Mr. Atkins says that it is just a question of time before solar panel costs drop far enough so that suburban homeowners, who have access to "the grid," go solar as well.
"I think in '95 we're going to start seeing it happen. It's going to be a real sunny day. That's what I'm hanging around for," said Mr. Atkins, whose company already is generating $5 million in sales per year.
Already, there are intriguing examples of the solar possibilities the future holds. One is the micro-utility.
Coming in on the coattails of federal tax credits for solar power, a developer in Phoenix, Ariz., built a 24-home subdivision in 1985 around a central 300-kilowatt solar array. There are no batteries. The energy generated is sold to the local electric utility, which must accept it under federal laws designed to encourage renewable energy efforts.

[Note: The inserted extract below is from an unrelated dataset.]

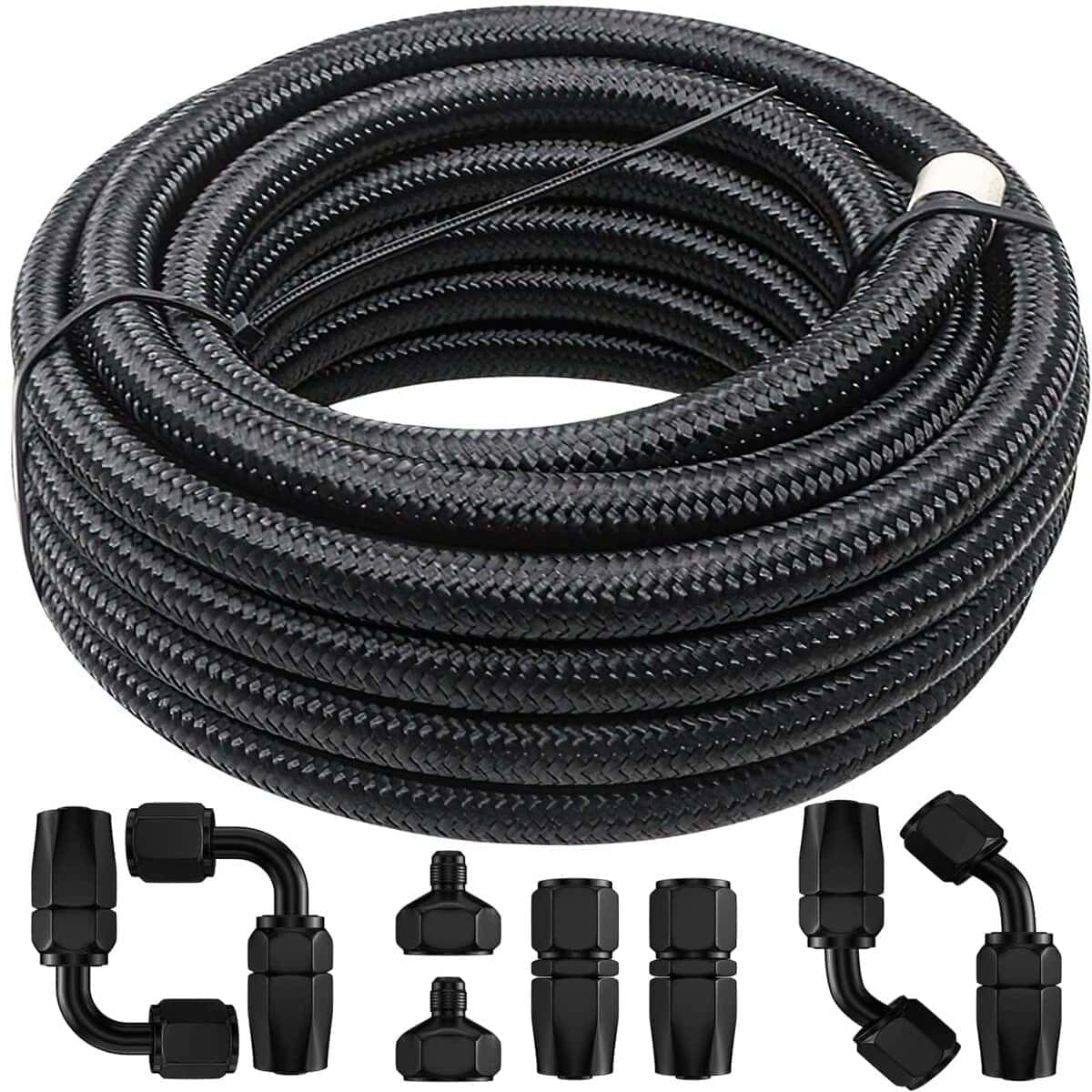 1. Paquete Incluye: 1 x Manguera Trenzada AN-6 de 12ft, 2 x Extremos de Manguera Giratorios Rectos AN-6, 2 x Extremos de Manguera Giratorios de 45 Grados AN-6, 2 x Extremos de Manguera Giratorios de 90 Grados AN-6, 2 x Adaptadores de Tanque de Combustible de AN-10 a AN-6.
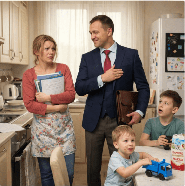 — Bom dia, — lançou ao passar, sem sequer olhar para as crianças, indo direto à geladeira pegar uma garrafa de água mineral.Daria sentiu um aperto frio e desconfortável por dentro. O café que acabara de tomar pareceu amargo de repente.

John F. Long Properties Inc. sold the homes for about $95,000 each and operated the solar electric system as a separate entity, taking advantage of the tax credits, which were phased out in 1986. By agreement, the homeowners eventually ended up owning the solar array, which generates enough electricity to offset what they use.
"So, in effect, people living there have a zero energy bill," said Mr. Howley of Siemens Solar. "They don't pay an electric bill to the utility."
While big-name companies are starting to emerge as players in the industry, its history belongs to grass-roots types like Sam Droege.
His $9,000 system won't run all the appliances of a typical U.S. household. Aside from a washing machine, Mr. Droege and his wife, Romey Pittman, rely on the typical accouterments of a solar household: a refrigerator that can switch between electric and propane power, high-efficiency lighting and a wood-burning stove for heat.
But he points out that he and his wife have been living in their log home without any electricity until now, except for two batteries used to power a well pump.
"As far as our definition of civilized," he says, "we'll be very civilized."